For a more comprehensive round up of the week, listen to Stephen’s full report here.
Risk assets were mostly stronger in February recovering in some cases the falls posted in January as it became clearer that the continuing, moderate global economic recovery continued to favour quite broad growth in company earnings. This market reassessment has occurred notwithstanding disruption to economic output both sides of the Atlantic from unusually severe winter weather and concern about quite how much policy makers in China might allow economic growth to slide as they tackled issues of excessive credit growth and property price speculation. Markets drew comfort from the confidence of the US Federal Reserve in the US economic recovery and its reassurance that no official interest rate increases would be on the agenda for a long time yet.

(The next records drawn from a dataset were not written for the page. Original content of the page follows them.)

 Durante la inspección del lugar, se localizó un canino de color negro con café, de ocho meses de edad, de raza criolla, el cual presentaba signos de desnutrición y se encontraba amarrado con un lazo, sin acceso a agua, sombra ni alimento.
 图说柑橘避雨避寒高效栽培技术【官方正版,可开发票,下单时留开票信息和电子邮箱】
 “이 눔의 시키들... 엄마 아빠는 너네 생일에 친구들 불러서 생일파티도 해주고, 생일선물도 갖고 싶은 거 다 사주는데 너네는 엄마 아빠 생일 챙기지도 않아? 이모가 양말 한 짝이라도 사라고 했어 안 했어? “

G20 finance ministers and central bankers also indicated at their meeting in Sydney that they would coordinate policies to achieve annual global economic growth two percentage points stronger than under current national policy settings over the next five years. Most major equity markets rose in February in excess of 4%, ranging from 4.1% gains for the ASX 200 and the German DAX to 4.6% for the British FTSE 100. A notable exception was Japan’s Nikkei, down by 0.5% on concern about the effectiveness of the Government’s policies to boost economic growth.
Credit markets followed a similar trajectory to equity markets through February, losing ground early in the month but then rallying quite strongly through the rest of the month. Major bond markets were little changed through February, holding their January gains even in the face of strongly improving equity markets and comments from the US Federal Reserve that it would likely continue reducing its asset purchase program at each six-weekly policy meeting. US 10 year and 30 year treasury yields finished February at respectively 2.65% and 3.58%, 1 basis point (bp) higher and 2bp lower respectively than at the end of January. The Australian 10 year bond yield rose by 3bp, finishing February at 4.02%.

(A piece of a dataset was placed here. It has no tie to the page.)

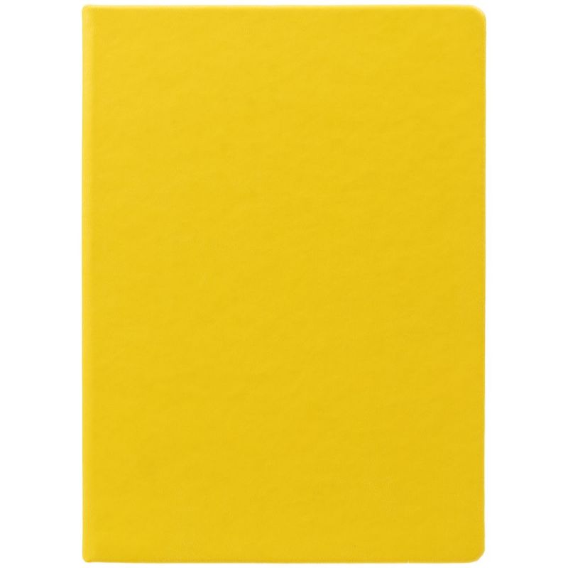Ежедневник с твердой обложкой и тонированным обрезом. Выполнен из материала Latte, желтый, дополнен ляссе в цвет обложки.
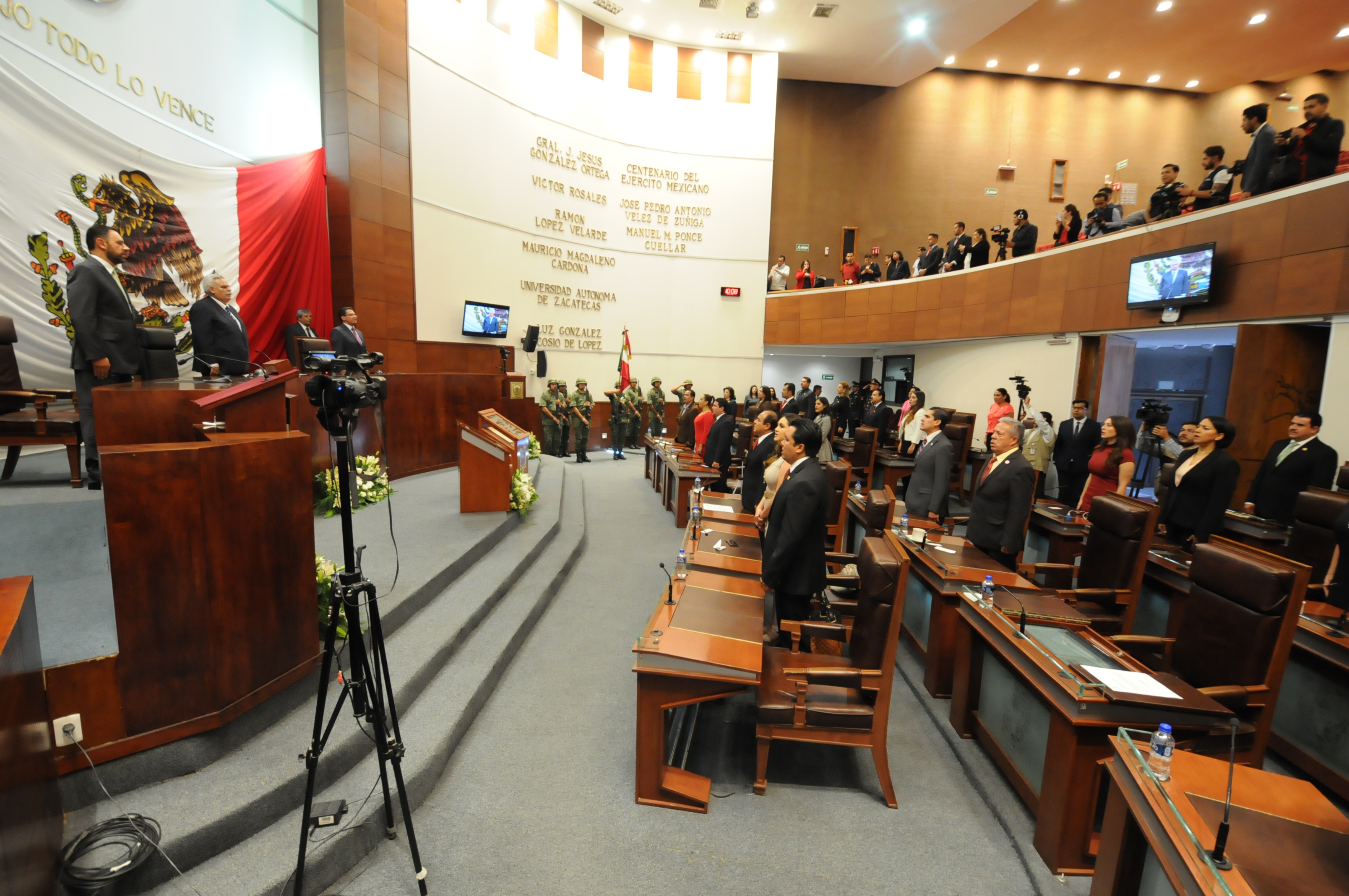 Con la intención de conmemorar el inicio de los trabajos del Congreso Local de 1917, la LXII Legislatura del Estado desarrolló este sábado 1 de Julio Sesión Solemne, contando con la presencia de los titulares del Poder Ejecutivo y Poder Judicial del Estado, Alejandro Tello Cristerna y Amando Ávalos Arellano, a fin de reconocer la labor jurídica, social y política de los legisladores zacatecanos que participaron en la elaboración y discusión de la Constitución local, que fue proclamada en enero de 1918.

On the economic data front, US indicators were very mixed with some clearly adversely affected by severe winter weather. Q4 GDP was revised down to 2.4% annualized growth from an initial reading of 3.2%. Employment readings were soft in December and January. Economic readings in China released through February were mixed, with strong January exports and credit growth offset by weak manufacturing PMI surveys. European readings were a touch firmer than expected on balance. In Australia, soft employment and business investment readings again contrasted with strong exports, retail sales and housing data.

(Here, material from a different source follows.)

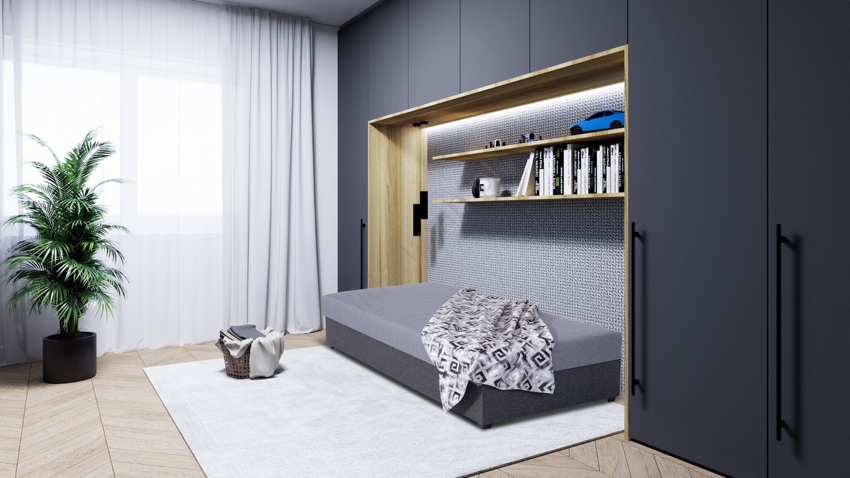 • Łóżko wyposażone jest w duży pojemnik na pościel z bocznym systemem podnoszenia do przechowywania pościeli i innych sezonowych rzeczy.

Looking ahead, global economic growth looks set to accelerate as the US, Canada and Britain recover from severe winter weather and headwinds to US and European growth from budget cuts become much less pronounced. Signs of some success containing excesses in China also imply less aggressive policy settings and better growth. In Australia, the RBA is likely to leave the very low 2.50% cash rate in place for some time, perhaps even longer than our call of a first rate hike in August, and the softer Australian dollar is also helping the economy to improve. Stronger housing activity and increasingly better retail sales are showing signs of offsetting the impact of declining mining investment.